● Available data

Segment Open

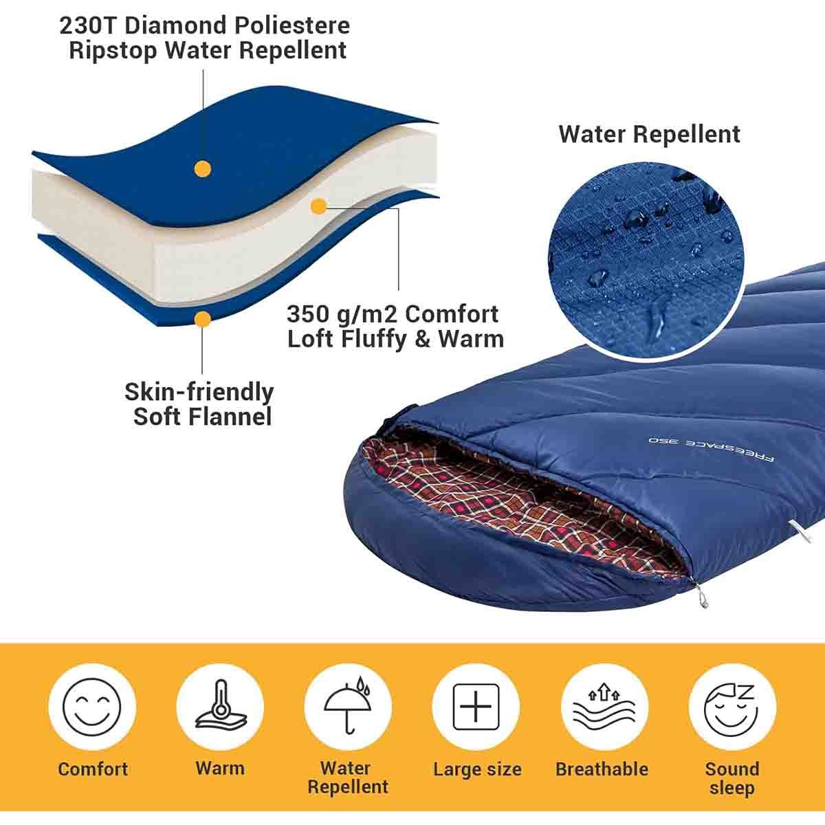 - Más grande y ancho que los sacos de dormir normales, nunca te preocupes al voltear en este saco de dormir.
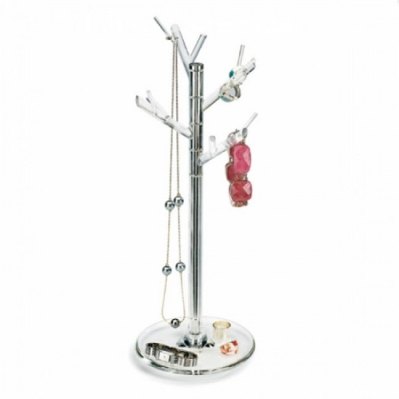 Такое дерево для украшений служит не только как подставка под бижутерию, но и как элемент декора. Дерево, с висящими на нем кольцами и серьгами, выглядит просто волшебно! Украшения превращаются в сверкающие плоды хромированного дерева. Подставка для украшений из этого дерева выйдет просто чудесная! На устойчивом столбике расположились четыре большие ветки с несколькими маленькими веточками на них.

Segment Closed
Segment Open

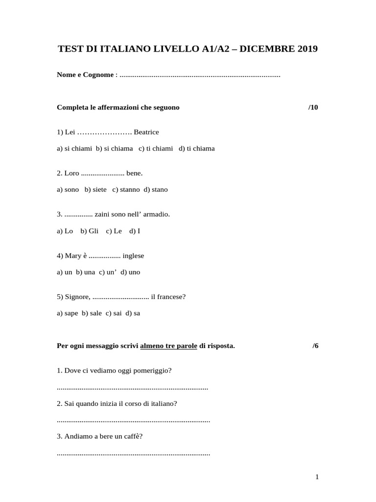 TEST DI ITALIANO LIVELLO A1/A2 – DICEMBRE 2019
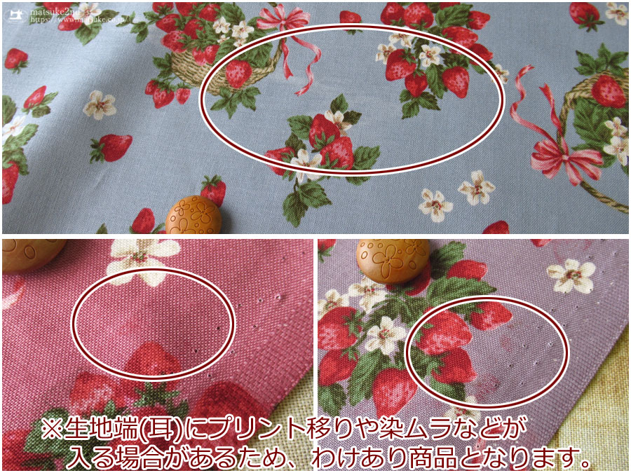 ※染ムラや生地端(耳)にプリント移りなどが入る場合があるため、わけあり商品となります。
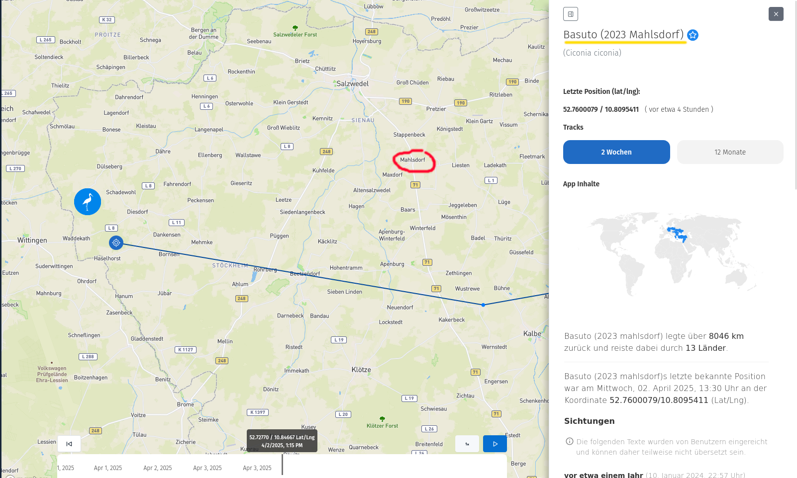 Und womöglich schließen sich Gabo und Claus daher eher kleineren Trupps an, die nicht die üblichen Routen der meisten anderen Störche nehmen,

Segment Closed
Segment Open

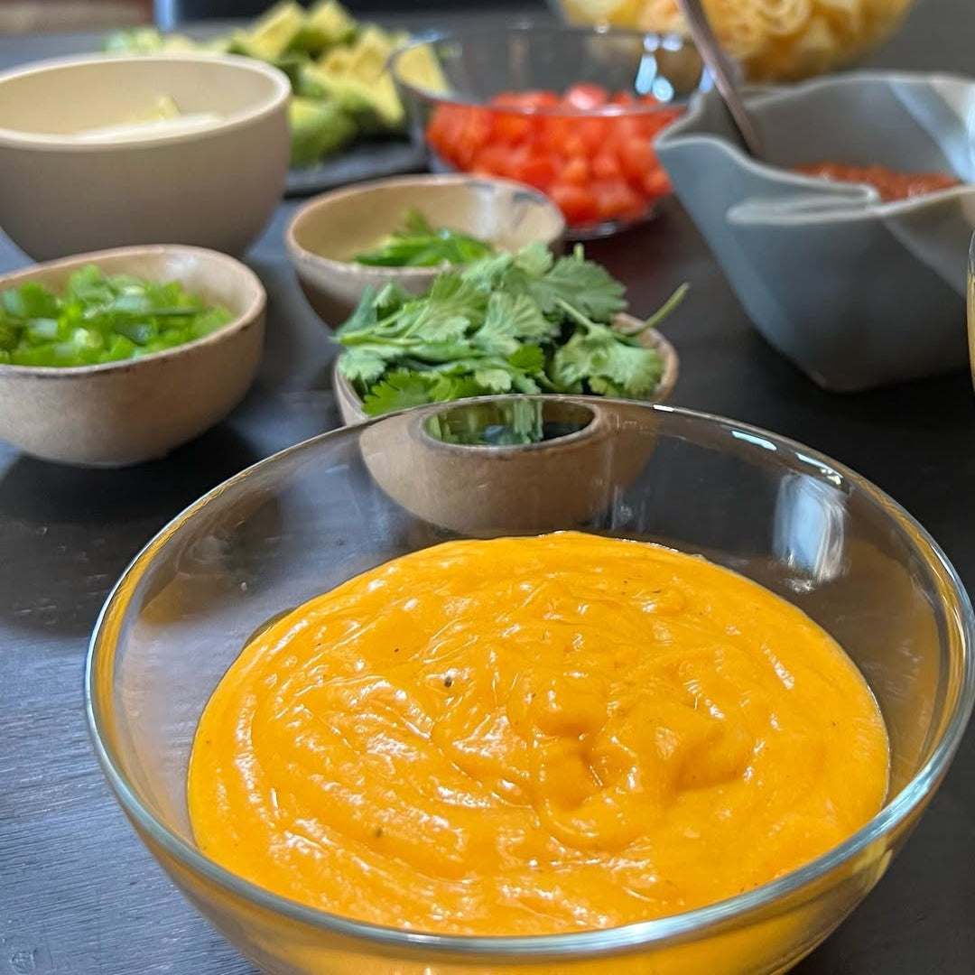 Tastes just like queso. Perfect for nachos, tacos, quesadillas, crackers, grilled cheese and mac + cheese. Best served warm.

Segment Closed

Within the data above, repeat exactly the lines from the one bearing "TEST DI ITALIANO" through the one bearing "Und womöglich schließen". Include no pictures and nothing else.

 TEST DI ITALIANO LIVELLO A1/A2 – DICEMBRE 2019
 ※染ムラや生地端(耳)にプリント移りなどが入る場合があるため、わけあり商品となります。
 Und womöglich schließen sich Gabo und Claus daher eher kleineren Trupps an, die nicht die üblichen Routen der meisten anderen Störche nehmen,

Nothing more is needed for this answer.